If moving in the horizontal direction:

It turns out that the uniform speed of motion, the balance of tensile force and static friction force is 0, assuming that A does not move, if it accelerates to the left, what requires the resultant force of A to the left, that is, it is necessary to increase the static friction force, and the friction force at this time exceeds the maximum static friction force, so it moves to the right. If the acceleration is to the right, the direction of the resultant force is to the right, and the static friction force needs to be reduced, if the acceleration is relatively large, the static friction force may be reduced to 0, or it may be reversed to the right, and no matter how large a is, it may move to the left.

When moving at a constant speed, there is f-f=0

Pulling to the right, it means that there is acceleration to the right, f-f=ma is greater than the frictional force, so that the friction force becomes smaller.

One is to reduce the pressure, so a accelerates the fall.

The other is to reduce the relative motion, and the friction force is analyzed to the left, then the acceleration of d is to the left, so AD is selected

Whether it is accelerating down or decelerating, the acceleration is downward, it is weightless, weightless, weightless, the pressure on the bottom of the box is smaller, and the static friction force is also smaller, so it is pulled to the right by the spring, so a b is right.

c No, because the net force is zero at a constant velocity, it will not move.

D is right, because the box suddenly accelerates to the left, and A doesn't have time to accelerate, so it moves to the right relative to the wooden box.

Originally, the uniform linear motion indicates that the force is balanced, and the spring is elongated, indicating that the object is subjected to left friction.
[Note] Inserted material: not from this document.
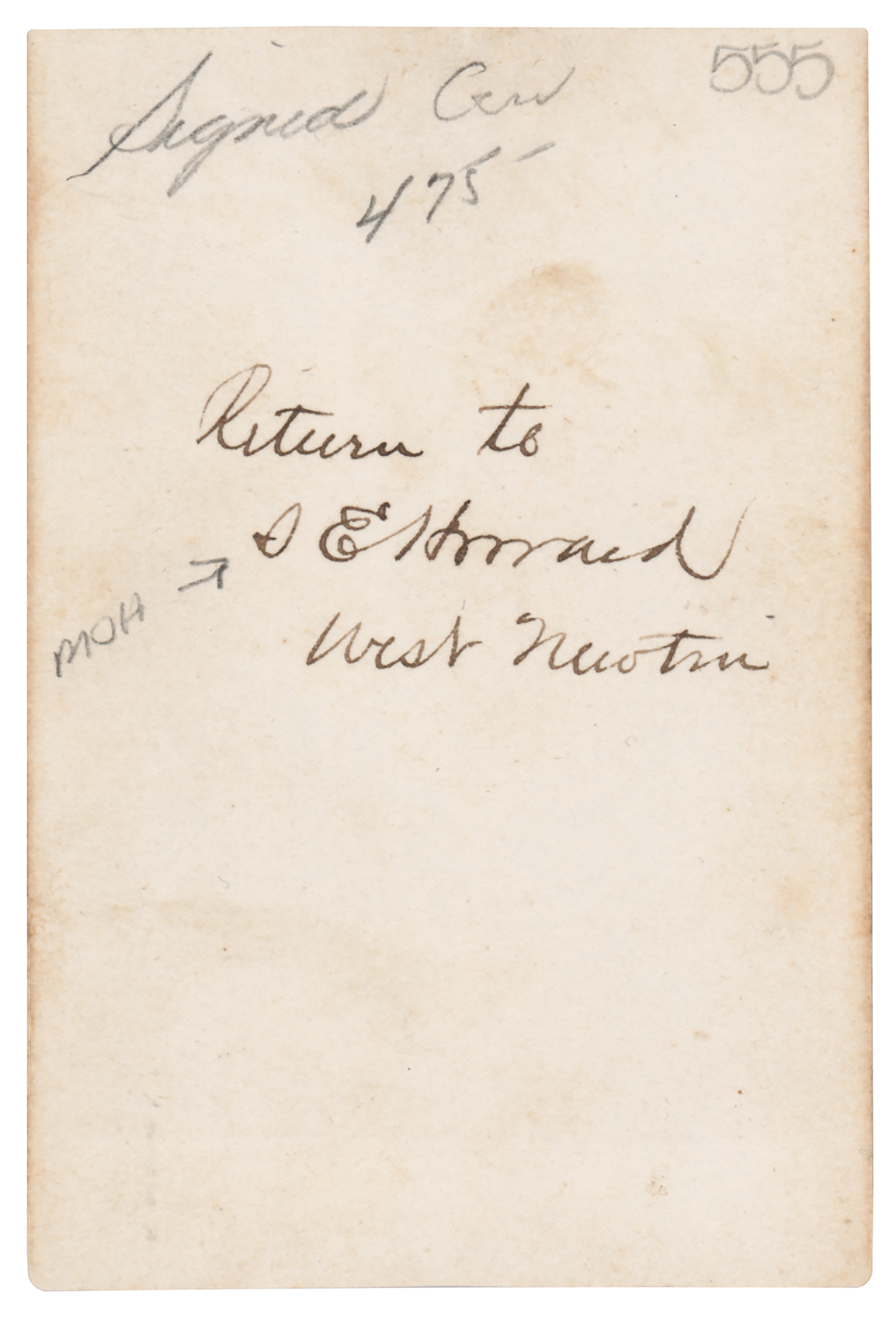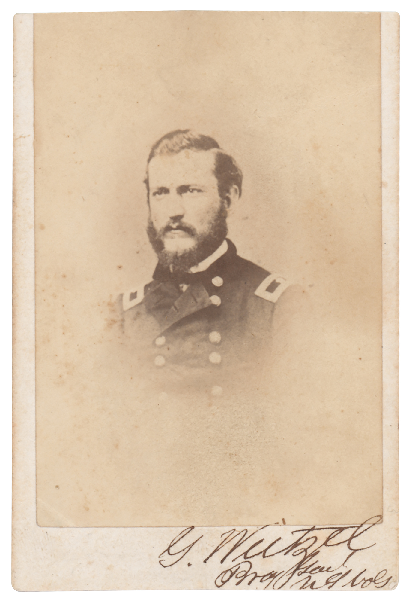 Union general and acting mayor of New Orleans during the federal occupancy of the city (1835–1884). Uncommon 2.5 x 3.5 carte-de-visite photo of Weitzel in uniform, signed on the mount in ink, "G. Weitzel, Brig. Gen. U.S. Vols." The reverse is annotated by Medal of Honor recipient Squire Edward Howard, "Return to S. E. Howard, West Newton." In fine condition, with trimmed edges.

The magnitude is equal to the pulling force. Later, it was found that A was suddenly pulled to the right by the spring, indicating that the friction decreased, whether it was accelerating down or decelerating, the acceleration was downward, and it was weightless Weightless A The pressure on the bottom of the box was smaller, and the static friction force was also reduced, so it was pulled to the right by the spring, so A B was right.

The box suddenly accelerates to the left, and A doesn't have time to accelerate, so the relative wooden box moves to the right, and D is right.